What this task involves
Please give back the listing below word for word and drop any images.

Exercise data
== Segment start ==
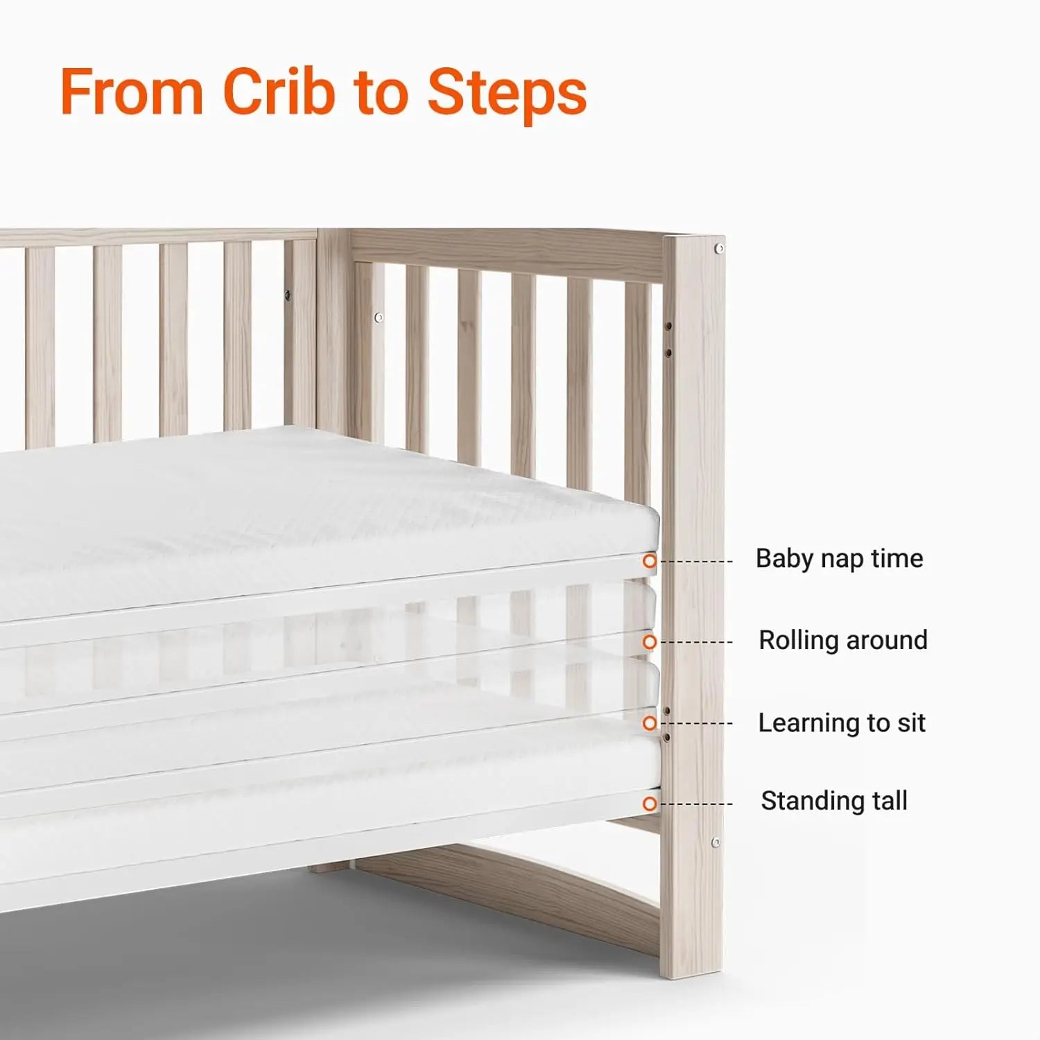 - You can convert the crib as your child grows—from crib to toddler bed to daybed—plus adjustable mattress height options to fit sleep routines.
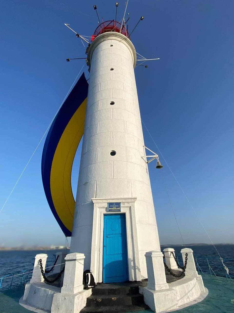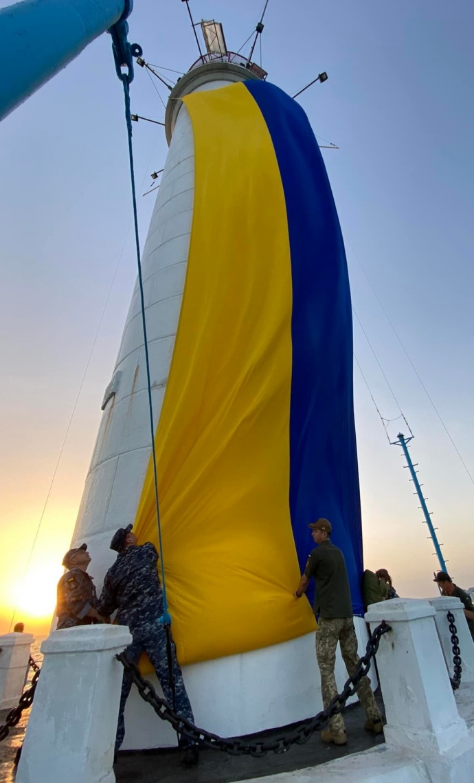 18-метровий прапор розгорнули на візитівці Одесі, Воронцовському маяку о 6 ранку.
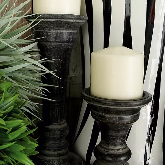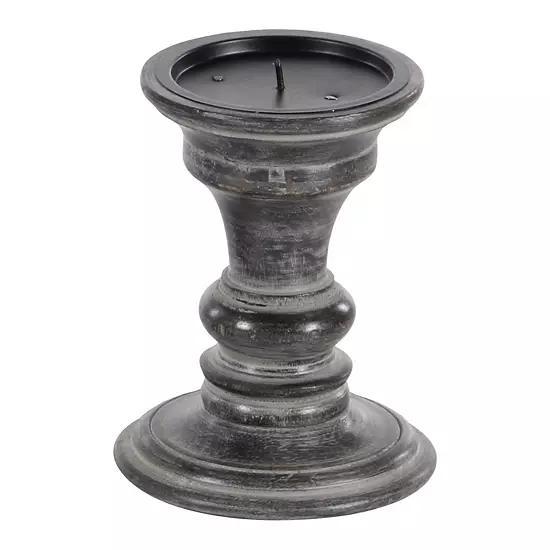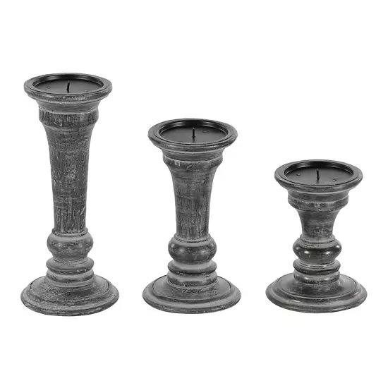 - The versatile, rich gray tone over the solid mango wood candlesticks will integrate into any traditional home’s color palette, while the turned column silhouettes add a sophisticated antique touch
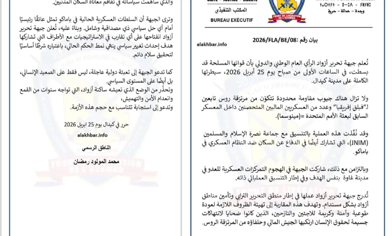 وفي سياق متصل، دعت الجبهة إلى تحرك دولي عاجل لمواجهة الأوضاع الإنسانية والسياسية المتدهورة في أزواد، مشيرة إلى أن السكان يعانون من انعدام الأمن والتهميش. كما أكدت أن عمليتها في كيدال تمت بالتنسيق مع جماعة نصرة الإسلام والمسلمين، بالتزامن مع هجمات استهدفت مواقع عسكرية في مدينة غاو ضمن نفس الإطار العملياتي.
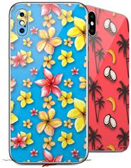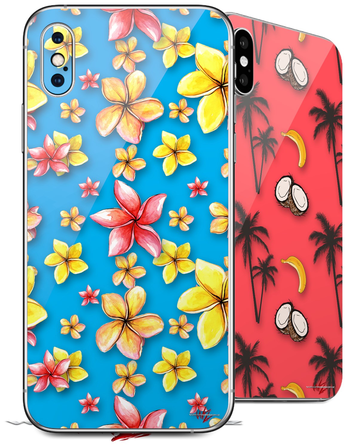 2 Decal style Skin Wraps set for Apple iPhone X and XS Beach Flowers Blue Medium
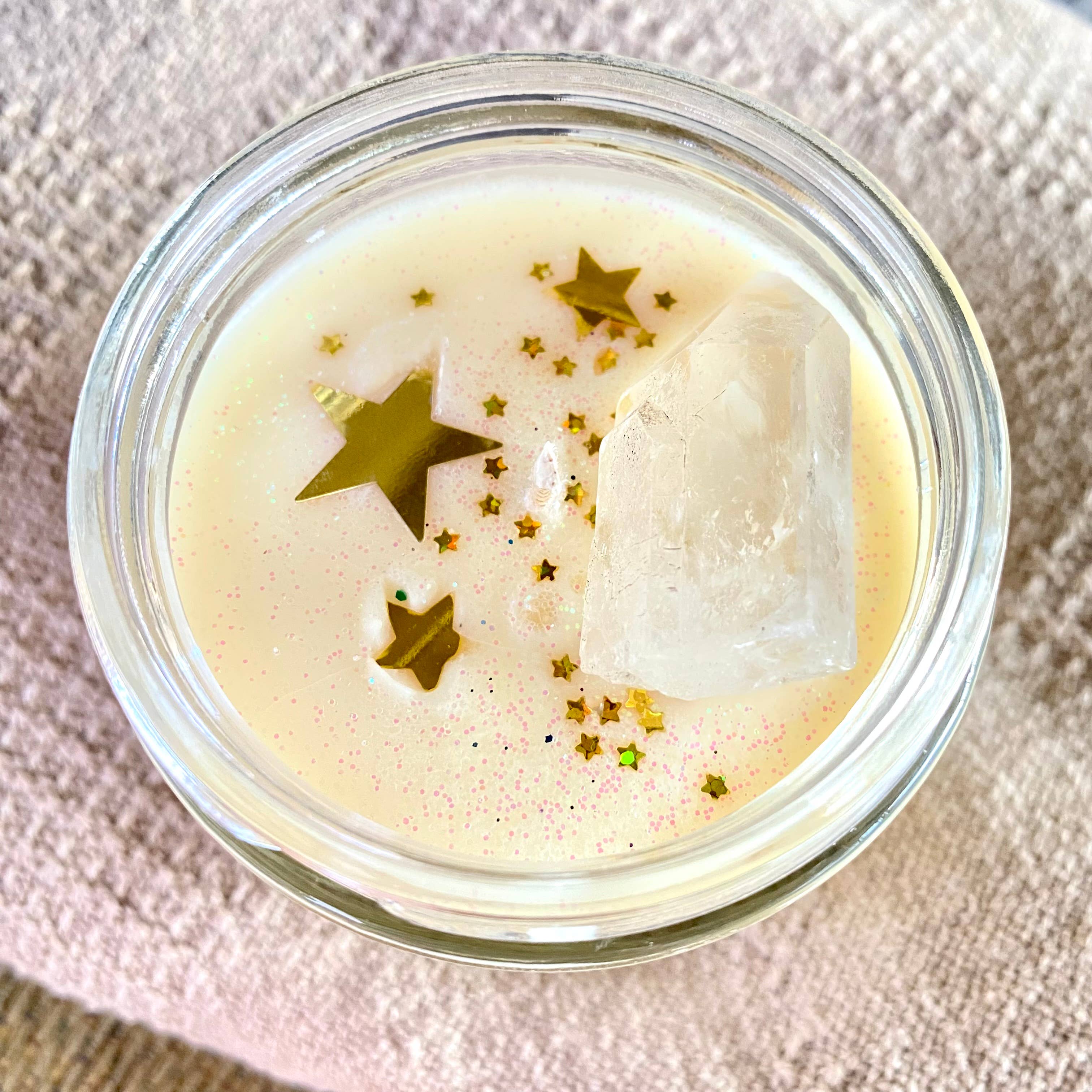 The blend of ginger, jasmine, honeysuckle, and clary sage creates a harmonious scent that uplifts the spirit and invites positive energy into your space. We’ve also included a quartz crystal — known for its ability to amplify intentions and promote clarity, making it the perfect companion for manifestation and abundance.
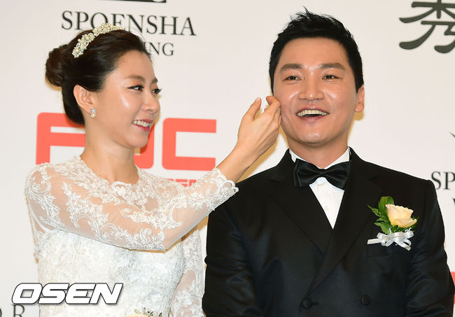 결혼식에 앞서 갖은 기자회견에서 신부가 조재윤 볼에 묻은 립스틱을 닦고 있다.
== Segment end ==
Exercise result
 - You can convert the crib as your child grows—from crib to toddler bed to daybed—plus adjustable mattress height options to fit sleep routines.
 18-метровий прапор розгорнули на візитівці Одесі, Воронцовському маяку о 6 ранку.
 - The versatile, rich gray tone over the solid mango wood candlesticks will integrate into any traditional home’s color palette, while the turned column silhouettes add a sophisticated antique touch
 وفي سياق متصل، دعت الجبهة إلى تحرك دولي عاجل لمواجهة الأوضاع الإنسانية والسياسية المتدهورة في أزواد، مشيرة إلى أن السكان يعانون من انعدام الأمن والتهميش. كما أكدت أن عمليتها في كيدال تمت بالتنسيق مع جماعة نصرة الإسلام والمسلمين، بالتزامن مع هجمات استهدفت مواقع عسكرية في مدينة غاو ضمن نفس الإطار العملياتي.
 2 Decal style Skin Wraps set for Apple iPhone X and XS Beach Flowers Blue Medium
 The blend of ginger, jasmine, honeysuckle, and clary sage creates a harmonious scent that uplifts the spirit and invites positive energy into your space. We’ve also included a quartz crystal — known for its ability to amplify intentions and promote clarity, making it the perfect companion for manifestation and abundance.
 결혼식에 앞서 갖은 기자회견에서 신부가 조재윤 볼에 묻은 립스틱을 닦고 있다.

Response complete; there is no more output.